Submissions are open for the 2021 Louise Meriwether First Book Prize, presented by the Feminist Press and TAYO Literary Magazine. “Granted to a manuscript that follows in the tradition of Meriwether’s Daddy Was a Number Runner, one of the first contemporary American novels featuring a young Black girl as the protagonist,” the prize honors a debut work of prose by a woman of color or a nonbinary author of color. The winning writer will receive $5,000 and publication of their book by the Feminist Press in the spring of 2021.
To submit, email a work of fiction or narrative nonfiction between 30,000 to 80,000 words and a cover letter by June 30. There is no entry fee. Feminist Press executive director and publisher Jamia Wilson, TAYO Literary Magazine editor in chief Lis P. Sipin-Gabon, author and professor Bridgett M. Davis, and past prize winner Melissa Valentine will judge. Visit the website for complete guidelines.

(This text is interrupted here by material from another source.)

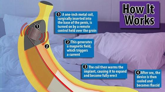 美国威斯康星大学的专家发明了一种远程控制的仿生阴茎装置,此装置采用镍钛合金制成,在不同温度下可呈现出不同的形状,且加热至42 ℃时,其长度可延伸至8英寸(20厘米)。与现有假体相比,此装置无需泵或储备即可产生机械力,激发阴茎的勃起。

Louise Meriwether is the author of several books and is also a journalist, antiwar activist, professor, and essayist. She has been a member of the Harlem Writers Guild since its beginning, and has won grants from the National Endowment for the Arts and the Mellon Foundation. Meriwether received a lifetime achievement award in 2016 from the Before Columbus Foundation. That same year Gale Brewer, the Manhattan borough president, declared May 8 to be Louise Meriwether Appreciation Day. In celebration of the impact of Meriwether’s literary career, the prize furthers her “legacy of telling much-needed stories that shift culture and inspire new writers.” Finalists for the first book prize will be notified in October of this year, and the winner will be announced in March 2021. Past prize winners include YZ Chin, Claudia D. Hernández, and Cassandra Lane.